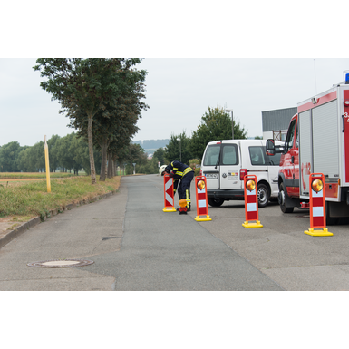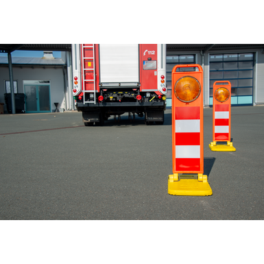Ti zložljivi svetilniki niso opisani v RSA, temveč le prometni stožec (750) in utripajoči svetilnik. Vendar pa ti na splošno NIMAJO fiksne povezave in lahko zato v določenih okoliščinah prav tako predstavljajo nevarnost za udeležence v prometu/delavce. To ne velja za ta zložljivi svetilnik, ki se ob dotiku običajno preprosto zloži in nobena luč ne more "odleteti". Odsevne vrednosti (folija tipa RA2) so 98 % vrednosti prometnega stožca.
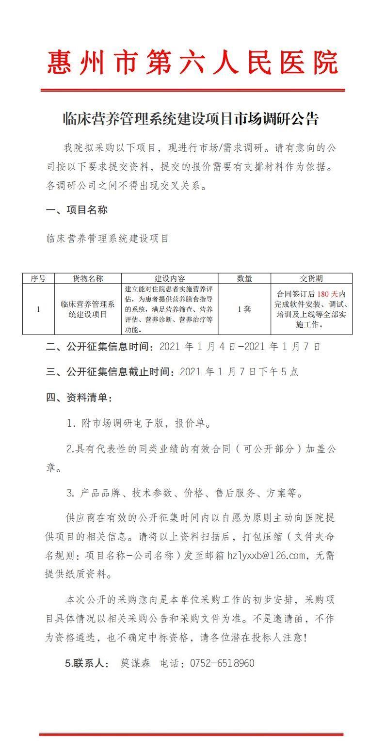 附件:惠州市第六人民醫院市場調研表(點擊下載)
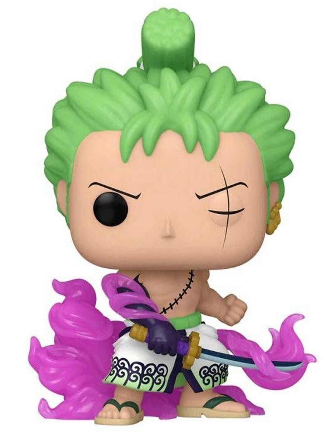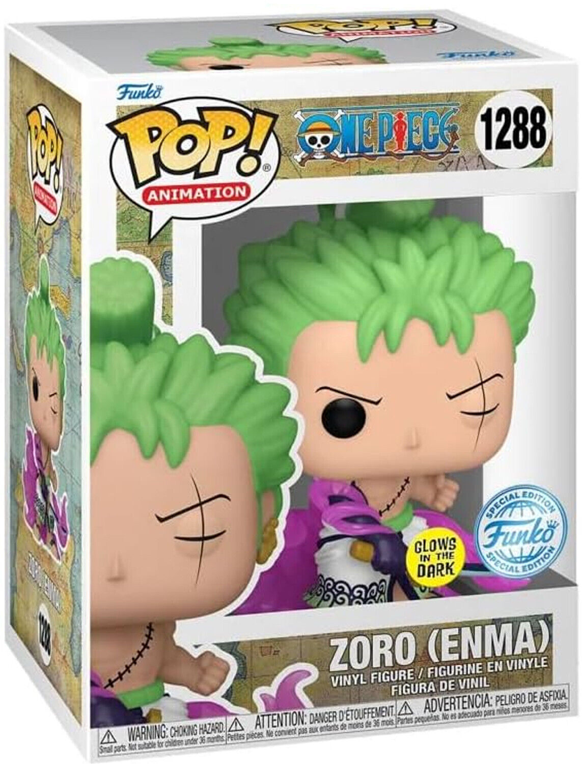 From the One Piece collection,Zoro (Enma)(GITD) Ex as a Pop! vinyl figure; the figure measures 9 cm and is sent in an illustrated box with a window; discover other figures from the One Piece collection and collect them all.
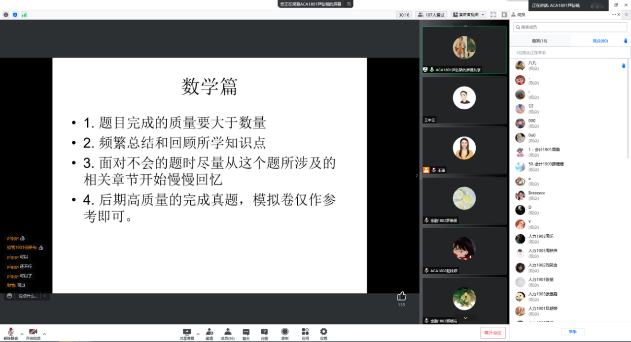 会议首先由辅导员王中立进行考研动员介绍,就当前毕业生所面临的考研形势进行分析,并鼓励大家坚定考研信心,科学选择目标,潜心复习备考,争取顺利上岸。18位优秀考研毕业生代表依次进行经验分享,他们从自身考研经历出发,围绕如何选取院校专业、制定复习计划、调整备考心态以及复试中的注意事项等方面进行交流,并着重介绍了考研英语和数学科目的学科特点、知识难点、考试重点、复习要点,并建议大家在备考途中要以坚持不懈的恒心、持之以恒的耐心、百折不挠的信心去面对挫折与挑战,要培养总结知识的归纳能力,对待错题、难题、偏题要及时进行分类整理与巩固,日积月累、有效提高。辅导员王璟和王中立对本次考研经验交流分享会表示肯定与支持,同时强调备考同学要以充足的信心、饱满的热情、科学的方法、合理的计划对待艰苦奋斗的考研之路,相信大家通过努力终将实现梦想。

• EXERCISE
Transcribe everything above exactly. Do not include the pictures.

• WORKED SOLUTION
Ti zložljivi svetilniki niso opisani v RSA, temveč le prometni stožec (750) in utripajoči svetilnik. Vendar pa ti na splošno NIMAJO fiksne povezave in lahko zato v določenih okoliščinah prav tako predstavljajo nevarnost za udeležence v prometu/delavce. To ne velja za ta zložljivi svetilnik, ki se ob dotiku običajno preprosto zloži in nobena luč ne more "odleteti". Odsevne vrednosti (folija tipa RA2) so 98 % vrednosti prometnega stožca.
 附件:惠州市第六人民醫院市場調研表(點擊下載)
 From the One Piece collection,Zoro (Enma)(GITD) Ex as a Pop! vinyl figure; the figure measures 9 cm and is sent in an illustrated box with a window; discover other figures from the One Piece collection and collect them all.
 会议首先由辅导员王中立进行考研动员介绍,就当前毕业生所面临的考研形势进行分析,并鼓励大家坚定考研信心,科学选择目标,潜心复习备考,争取顺利上岸。18位优秀考研毕业生代表依次进行经验分享,他们从自身考研经历出发,围绕如何选取院校专业、制定复习计划、调整备考心态以及复试中的注意事项等方面进行交流,并着重介绍了考研英语和数学科目的学科特点、知识难点、考试重点、复习要点,并建议大家在备考途中要以坚持不懈的恒心、持之以恒的耐心、百折不挠的信心去面对挫折与挑战,要培养总结知识的归纳能力,对待错题、难题、偏题要及时进行分类整理与巩固,日积月累、有效提高。辅导员王璟和王中立对本次考研经验交流分享会表示肯定与支持,同时强调备考同学要以充足的信心、饱满的热情、科学的方法、合理的计划对待艰苦奋斗的考研之路,相信大家通过努力终将实现梦想。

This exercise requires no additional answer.